The CBM Governor said there were indications of an easing recession in Europe, with the contraction in the manufacturing industry slowing in June and confidence in the economic outlook rising to a seven-month high.
“There are some signs of bottoming out,” Bonello said. “But I think it is premature to talk of a sustainable recovery. We still have to start on the rising path again; the return to potential growth rates is clearly going to be slow.”
Bonello said everything the ECB has done so far has been aimed at getting money markets functioning again, “and we are satisfied with the outcome so far.”
He explained how risk premiums “have fallen significantly along the yield curve and the lower interest rates have been passed on to both households and corporations.”
“But most importantly, inflation expectations over the medium to longer term remain firmly anchored in line with our price stability objectives, so we believe that our policy stance at this time is the right one,” he insisted.

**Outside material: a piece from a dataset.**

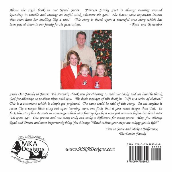 Princess Stinky Feet is always running around knee-deep in trouble and causing an awful stink wherever she goes! She learns some important lessons that soon have her smelling like a rose! This story is based upon a powerful true story which has been passed down in our family for six generations.
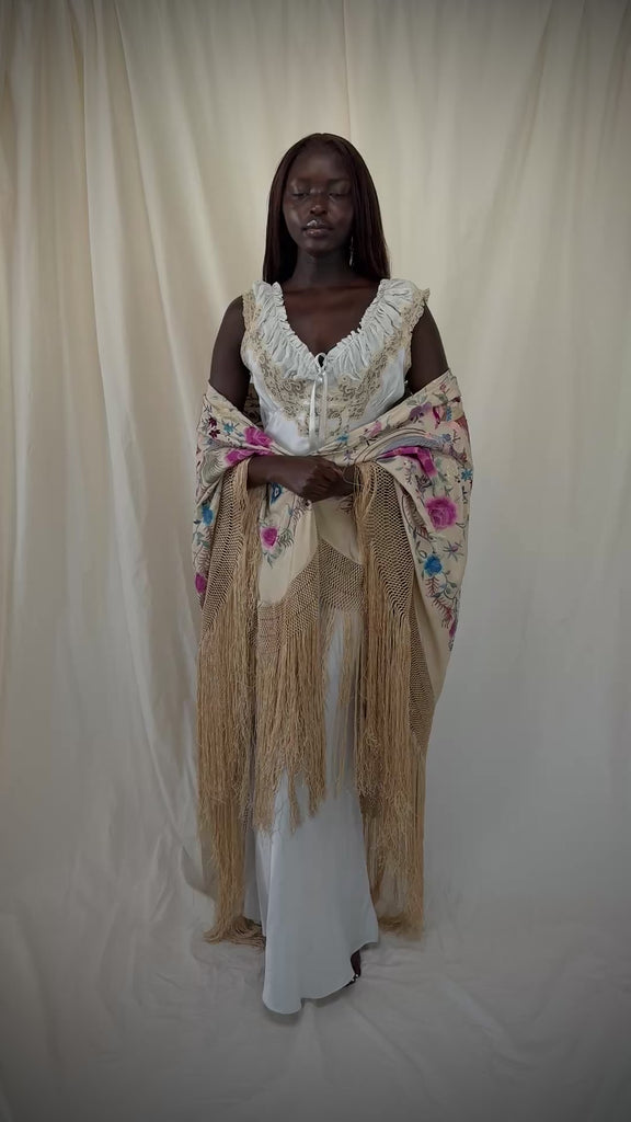 Vintage 1930s exquisite Manila silk shawl. Crafted from luminous silk and adorned with intricate hand-embroidered floral, bird, and butterflies in vibrant rose, blue, and soft botanical hues. This statement piece is finished with dramatic cascading fringe for unforgettable movement.

The ECB last month predicted the economy of the 16 euro zone nations would contract about 4.6 per cent this year and only return to growth in mid-2010.
Despite the fact that the inflation rate fell to minus 0.1 per cent in June, Bonello insisted that the development of a deflationary spiral was unlikely.
“We expect the euro-area inflation rate to become positive again in the autumn,” he told Bloomberg. “The risk of deflation in the short to medium term is rather limited for the euro area at this time,” the CBM was quoted as saying.
In addition to the interest rate cut, the ECB had lent banks as much money as they wanted and started buying €60 billion of covered bonds in an effort to stem the worst recession since World War II.
However, the measures taken by the ECB paled in comparison with the monetary polices of the US Federal Reserve and Bank of England, which have lowered their key rates to close to zero and launched asset-purchase programs almost 20 times the size of the ECB’s.